Combining data from different sources with different shapes in a model.
Performing element-wise operations on tensors where one has fewer dimensions.
Syntax
PyTorch
result = tensor1 + tensor2

PyTorch automatically broadcasts tensors if their shapes are compatible.

Broadcasting works from the rightmost dimensions going left.

Examples
Adds vector b to each row of matrix a using broadcasting.
PyTorch
a = torch.tensor([[1, 2, 3], [4, 5, 6]])
b = torch.tensor([10, 20, 30])
c = a + b
Adds vector x to each row of matrix y using broadcasting.
PyTorch
x = torch.tensor([1, 2, 3])
y = torch.tensor([[10], [20], [30]])
z = x + y
Sample Model

This program shows how PyTorch adds a vector to each row of a matrix automatically using broadcasting.

PyTorch
import torch

# Define a 2x3 tensor
matrix = torch.tensor([[1, 2, 3], [4, 5, 6]])

# Define a 1D tensor with 3 elements
vector = torch.tensor([10, 20, 30])

# Add vector to each row of matrix using broadcasting
result = matrix + vector

print("Matrix shape:", matrix.shape)
print("Vector shape:", vector.shape)
print("Result shape:", result.shape)
print("Result tensor:")
print(result)
OutputSuccess
Important Notes

Broadcasting only works if the dimensions are compatible: either equal or one of them is 1.

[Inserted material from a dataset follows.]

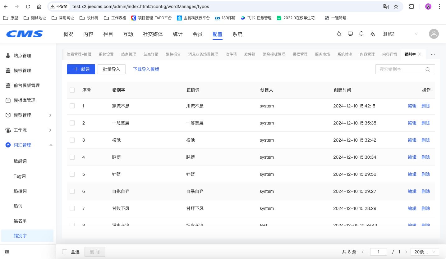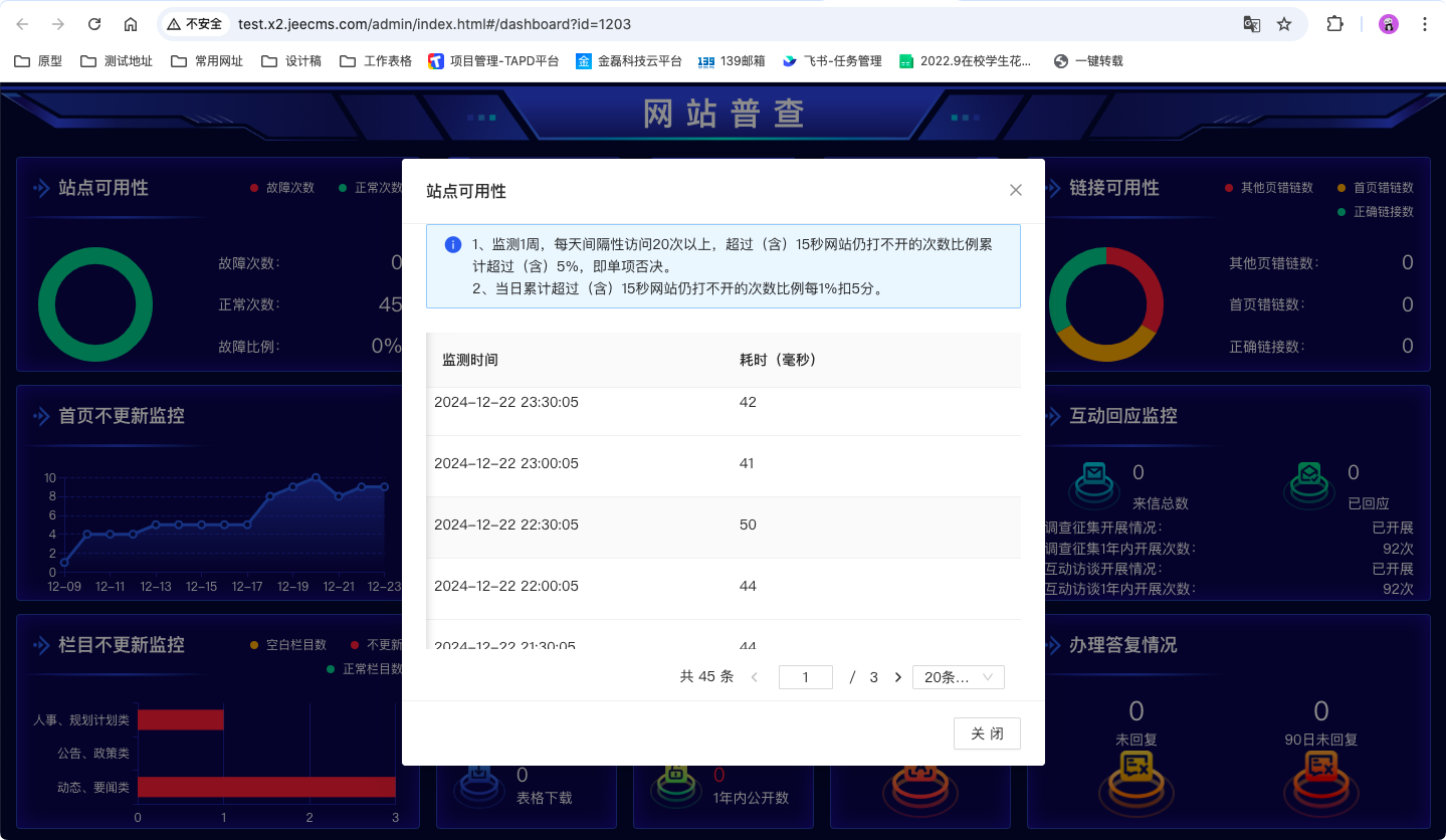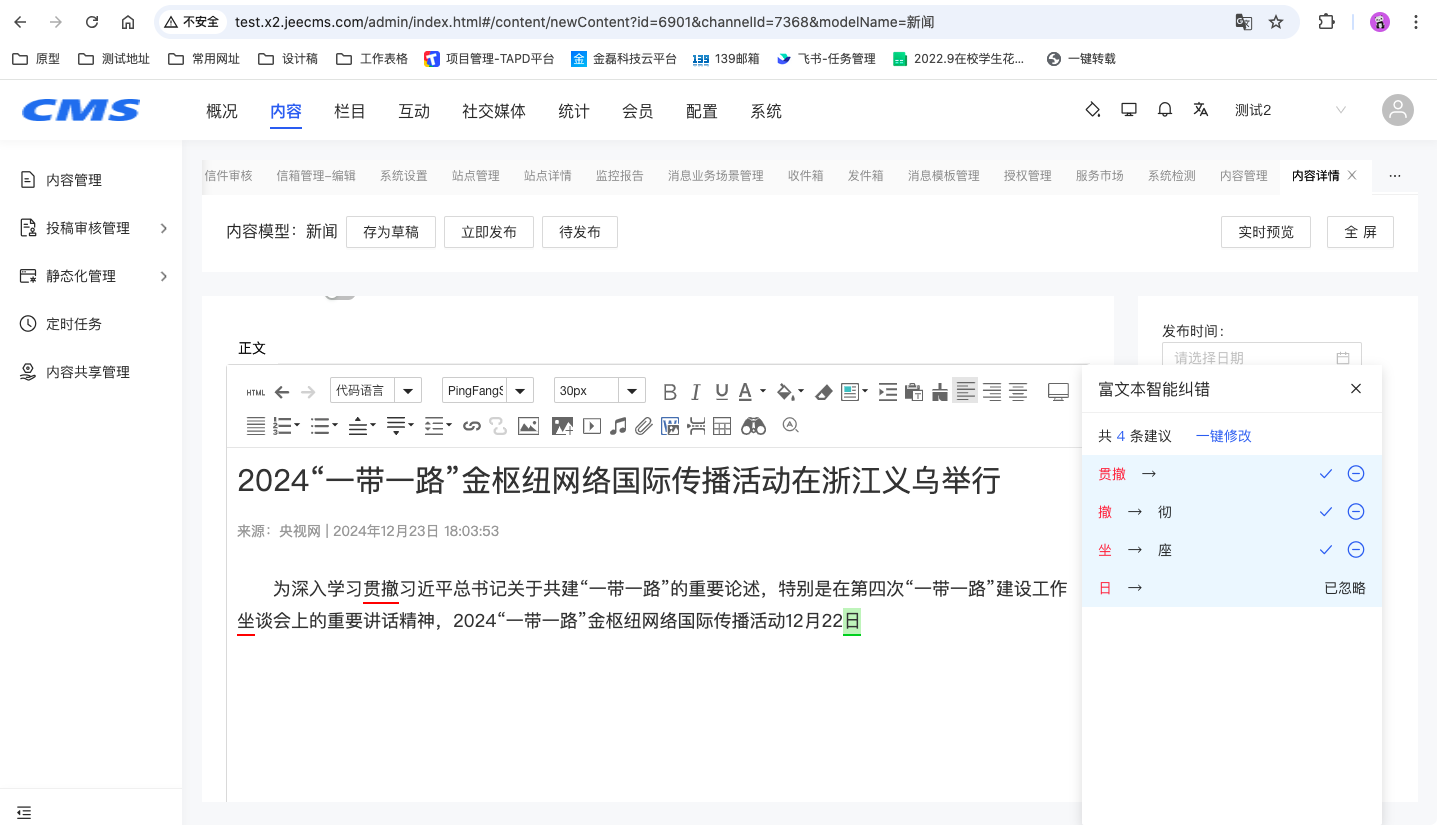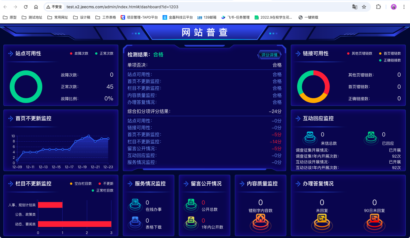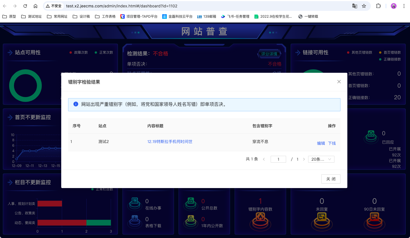 信息安全非常重要!信息安全非常重要!信息安全非常重要!重要的事情說三遍。一站式檢測文本中是否夾雜色情、推廣、辱罵、違禁、涉政、灌水等垃圾內(nèi)容,凈化網(wǎng)絡(luò)環(huán)境,為您的內(nèi)容發(fā)布提供更可靠的內(nèi)容安全保障。內(nèi)容是否有錯別字,站點(diǎn)是否正常,欄目是否更新,鏈接是否可用,留言是否已回復(fù),信件是否已辦理。大屏實時掌握系統(tǒng)使用情況。JEECMS最新版本x2.10帶來的全新體驗--網(wǎng)站普查、系統(tǒng)監(jiān)測、智能糾錯、錯別字管理重磅來襲。讓我們一起看看新版本的功能介紹吧。

If shapes are not compatible, PyTorch will raise an error.

Broadcasting helps avoid writing loops and makes code faster and cleaner.

Summary

Broadcasting lets PyTorch do math on tensors with different shapes by expanding smaller ones.

It works from the rightmost dimension and requires compatible shapes.

Use broadcasting to write simpler and faster tensor operations.